I had been asked on another forum for some lighting help and so I did up a very quick photo tutorial on how I use and install SMD's and fiber optics, so I thought I might as well post it here too for anybody to reference if they have never used them before.

The pictures aren't the best as I took them quickly and had crap light today but they will convey the message adequately enough.

First up are the Fibers. These are "Hobby Spools" which are available from here. They're cheap and there's more than enough there to light several models. You can make out the sizes on the labels.


Next are 64 strand fiber cables - these are the smallest you can get AFAIK. You can also get 32 strands as well. Pictured are 60 ft and15 ft lengths.

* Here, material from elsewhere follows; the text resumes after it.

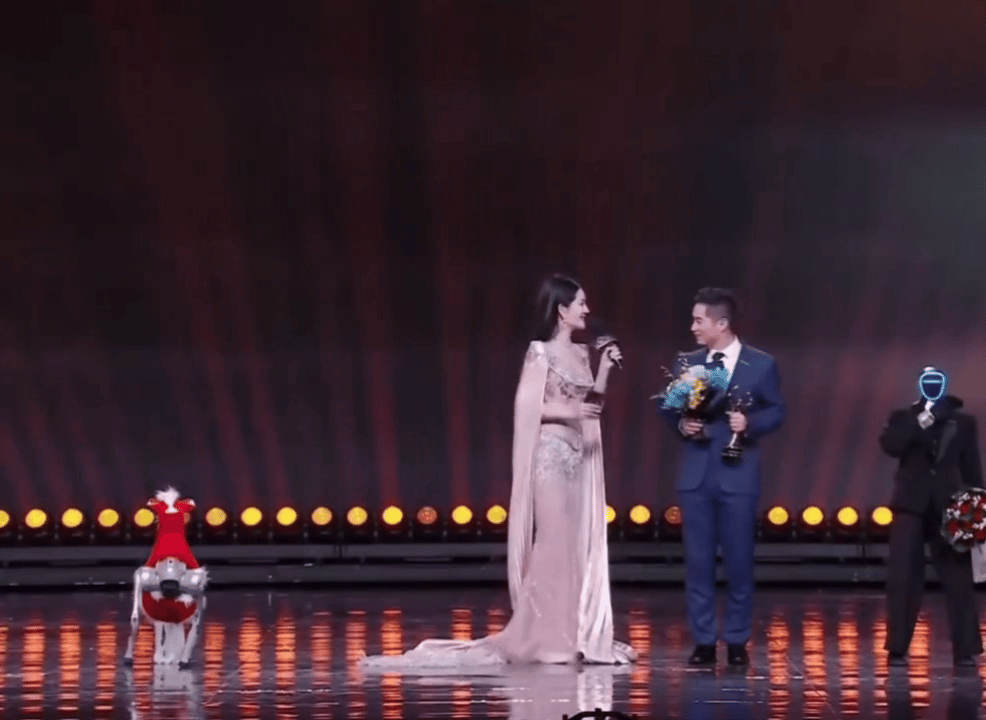 谢娜被机器狗翻身吓了一跳微博之夜名场面🈶️!机器狗登台突然翻身吓到谢娜惊呼,尼

These are also the ones I am using for the SD windows.

To use them, cut off the length you want - making sure you have more length than you need to allow for curves etc. You'd need to decide where on the kit you want the attach the light source before you cut.

Once at the length you want, very carefully run a sharp blade along the side of the sleeve from one end to the other. Then gently pry the split apart the sleeve and pull the fibers out - carefully. To roughly and you'll split or fracture the fiber rendering it useless.


Next up are the items you'll need to install onto your subject. In this example, a piece of scrap plastic card, some plastic tube - in this case a 1 cm section of 4.8mm diameter tube. The drill bit is a #80. These fibers are 0.25mm and the next sized fiber up would use a #78 drill bit. The SMD in the picture is 1mm in size.

Heat shrink tube and a lighter.



To install, drill out 2 holes close together on the scrap plastic and run the wires through the card. You can secure the wires on the back with a drop of CA or my preference is PVA as it's less likely to make the plastic coating on the wires brittle by providing some flexibility.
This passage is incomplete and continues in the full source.